Vrijheid van meningsuiting is een groot goed. Daar zijn voor- en tegenstanders van Geert Wilders het over eens. De tegenstanders vinden daarnaast ook dat wie met zijn meningen aanzet tot discriminatie en zelfs haat, misbruik van zijn vrijheidsrechten maakt. Wilders beweert dat hij nooit iemand heeft willen beledigen. Wat hij over Koran en Islam heeft gezegd is gewoon waar, en wat waar is kan toch niet strafbaar zijn? Dat klinkt aannemelijk. Een Bijbelgetrouwe gelovige kan zich diep gekrenkt voelen door wetenschappers die beweren dat God de wereld niet in zes dagen schiep, maar de wetenschappers beledigen niemand opzettelijk; bewijzen voor de geldigheid van de evolutietheorie in overvloed. Het zijn de strenggelovigen zelf, die de theorie uitleggen als provocatie.

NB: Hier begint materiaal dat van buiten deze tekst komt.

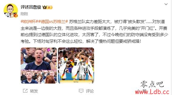 零点吧足球06月15日讯 欧洲杯揭幕战,A组东道主德国5-1横扫苏格兰,赛后著名评述员詹俊在微博发表比赛点评。
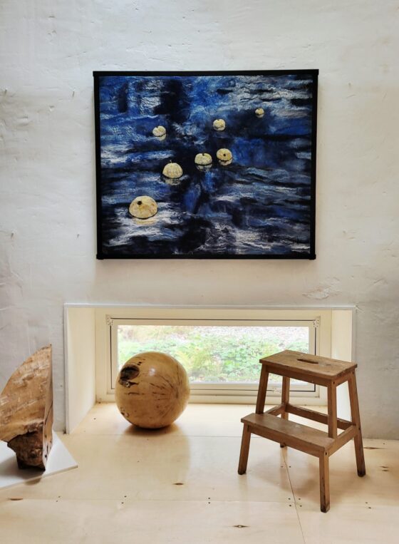 Created by Sanna Rahola using hand dyed wool, silk, mohair and linen with in a bespoke pickled black walnut frame created by Douglas Drdul.
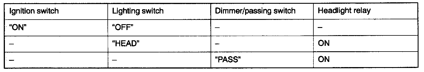 - When the dimmer/passing switch is set to the "ON" position, the headlight relay is switched ON and the high beam of the headlight illuminates
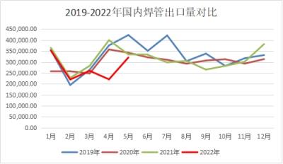 图一 2019-2022年我国焊管出口量对比
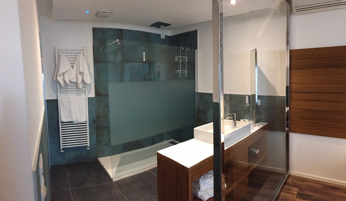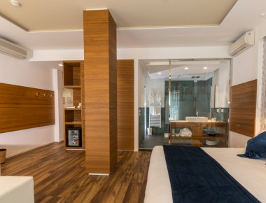Zimmer, 40m2 mit Doppelbett und Schlafsofa, großer Balkon mit Tisch und Stühle, direkter Meerblick, Schreibtisch, 40" Flachbild-TV, Minibar, Wasserkocher, digitales Schließfach, WLAN, Klimaanlage, Bad mit großer Dusche, separate Toilette, Bademantel, Haartrockner
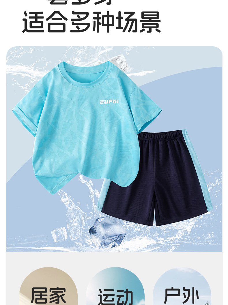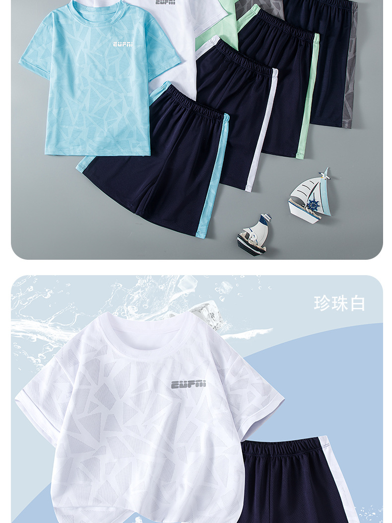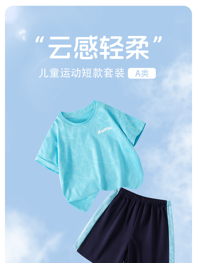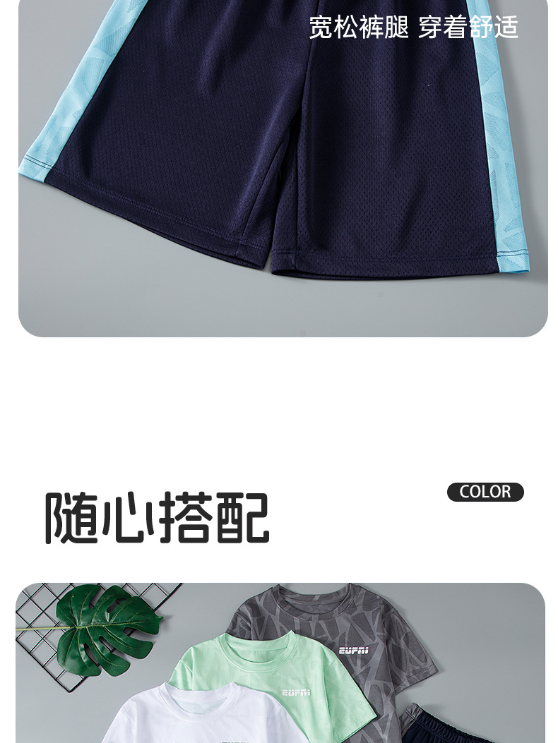 어린이 여름 반팔 반바지 스포츠 정장 얇은 중대형 어린이 야외 유행 청소년 메쉬 통기성 정장

Maar nu dit: een vrouw klaagt bij haar huisarts over hartkloppingen, en krijgt te horen dat ze te dik is. Deze onaangename waarheid, die ze zelf allang kende, moet worden benoemd: afvallen is namelijk de enige remedie. Stel nu, dat dezelfde vrouw een belangrijke maatschappelijke functie bekleedt. Ze is te gast is in een talkshow, en opeens, middenin het vraaggesprek over haar werk, zegt de interviewer: ‘U bent te dik.’ Daarmee zegt hij feitelijk niets anders dan de arts. Toch is de waarheid in deze setting uiterst pijnlijk. Wanneer het fragment in andere programma’s ook nog eens regelmatig wordt herhaald, wanneer de vrouw voortaan overal wordt bejegend met een mengeling van meewarigheid en leedvermaak, kan de psychische last zo groot worden dat ze haar carrière moet afbreken. De interviewer heeft mevrouw geen lelijk varken genoemd, hij heeft de neutrale aanduiding ‘ te dik’ gebruikt en dus niet eens ‘moddervet’; hij sprak gewoon de waarheid. Niet strafbaar, wel ondermijnend.
Toen Heleen van Royen de bekentenissen over hoerenbezoek en cocaïnegebruik van de Amsterdamse PvdA- wethouder Rob Oudkerk in Het Parool onthulde, onthulde ze niets dan de hele waarheid. Had Oudkerk in het kroeggesprek met de schrijfster voorzichtiger moeten zijn? Of had Van Royen zich juist moeten inhouden? Dienden de onthullingen een publiek belang, of maakten ze nodeloos veel kapot? Ik geloof dat hier geen eenduidig antwoord op bestaat. De waarheid kennen is één ding, maar wat je met die kennis doet, en hoe, bepaalt of je het predicaat ‘integer’ waardig bent. Daarbij: iedereen die kan nadenken, beseft dat begrippen als waarheid, vrijheid en rechtvaardigheid steeds opnieuw moeten worden gedefinieerd om spraakverwarring en misbruik te voorkomen. Als er morgen een wetenschapper opstaat die heeft uitgerekend dat de massamoorden en hongersnoden in de afgelopen eeuw enorme milieurampen hebben voorkomen, aangezien ze de wereldwijde bevolkingsgroei toch enigszins indamden, dan lijkt protest mij gerechtvaardigd – ook al toont onafhankelijk onderzoek aan dat de man gelijk heeft. De waarheid mag dan misschien niet strafbaar zijn, maar ‘niet strafbaar’ betekent niet automatisch ‘onschuldig’. En precies deze nuance laat Wilders weg. Dat is beledigend. Niet voor moslims, niet voor de juristen in de rechtszaal, maar voor alle potentiële PVV-stemmers. Die vindt hij kennelijk dom genoeg om ze keer op keer te kunnen paaien met de halve waarheid.